■ Data in this exercise ■
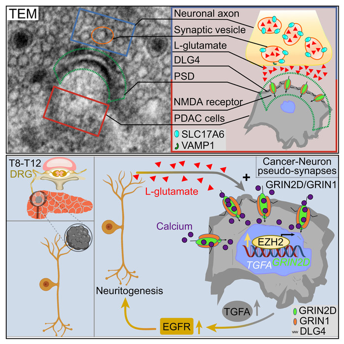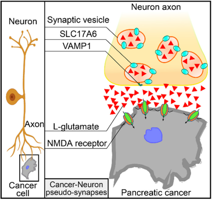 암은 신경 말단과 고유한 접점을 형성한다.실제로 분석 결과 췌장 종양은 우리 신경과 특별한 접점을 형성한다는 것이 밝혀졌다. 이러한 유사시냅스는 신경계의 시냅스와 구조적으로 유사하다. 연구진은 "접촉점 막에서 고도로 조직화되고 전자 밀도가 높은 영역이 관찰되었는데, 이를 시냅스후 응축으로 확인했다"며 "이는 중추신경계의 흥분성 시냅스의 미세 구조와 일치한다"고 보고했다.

* * *

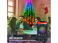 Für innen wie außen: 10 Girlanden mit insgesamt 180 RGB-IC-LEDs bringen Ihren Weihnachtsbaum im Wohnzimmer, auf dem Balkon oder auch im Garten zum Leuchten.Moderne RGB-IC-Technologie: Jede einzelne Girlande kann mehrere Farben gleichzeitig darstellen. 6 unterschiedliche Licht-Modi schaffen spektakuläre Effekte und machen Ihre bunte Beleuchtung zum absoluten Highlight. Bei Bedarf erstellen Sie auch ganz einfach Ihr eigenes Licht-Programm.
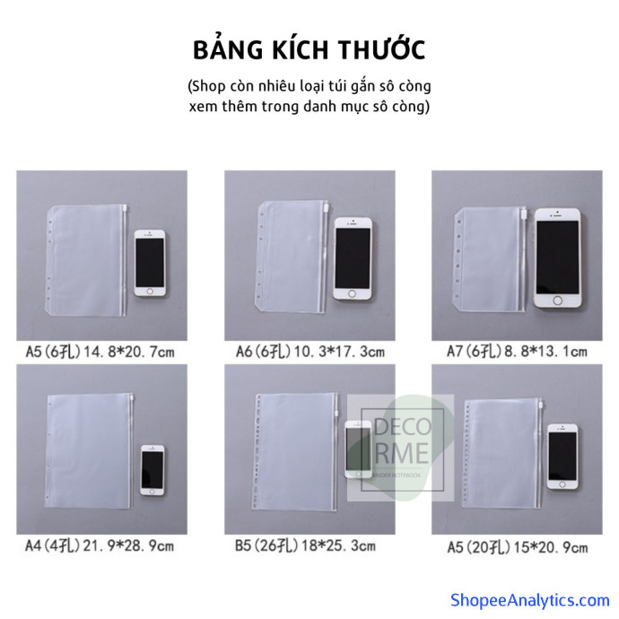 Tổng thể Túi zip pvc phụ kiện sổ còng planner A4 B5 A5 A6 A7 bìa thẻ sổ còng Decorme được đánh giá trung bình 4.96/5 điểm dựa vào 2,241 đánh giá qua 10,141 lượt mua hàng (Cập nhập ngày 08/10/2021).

==

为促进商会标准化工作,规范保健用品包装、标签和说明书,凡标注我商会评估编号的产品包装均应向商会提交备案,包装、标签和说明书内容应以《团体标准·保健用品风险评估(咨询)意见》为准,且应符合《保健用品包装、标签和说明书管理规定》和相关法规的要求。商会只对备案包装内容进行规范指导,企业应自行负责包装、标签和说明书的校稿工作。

■ About this task ■
Only the lines above from the one with "Für innen wie" to the one with "Tổng thể Túi" should be printed, both included and exactly as written; no picture belongs in the copy.

■ Worked solution ■
 Für innen wie außen: 10 Girlanden mit insgesamt 180 RGB-IC-LEDs bringen Ihren Weihnachtsbaum im Wohnzimmer, auf dem Balkon oder auch im Garten zum Leuchten.Moderne RGB-IC-Technologie: Jede einzelne Girlande kann mehrere Farben gleichzeitig darstellen. 6 unterschiedliche Licht-Modi schaffen spektakuläre Effekte und machen Ihre bunte Beleuchtung zum absoluten Highlight. Bei Bedarf erstellen Sie auch ganz einfach Ihr eigenes Licht-Programm.
 Tổng thể Túi zip pvc phụ kiện sổ còng planner A4 B5 A5 A6 A7 bìa thẻ sổ còng Decorme được đánh giá trung bình 4.96/5 điểm dựa vào 2,241 đánh giá qua 10,141 lượt mua hàng (Cập nhập ngày 08/10/2021).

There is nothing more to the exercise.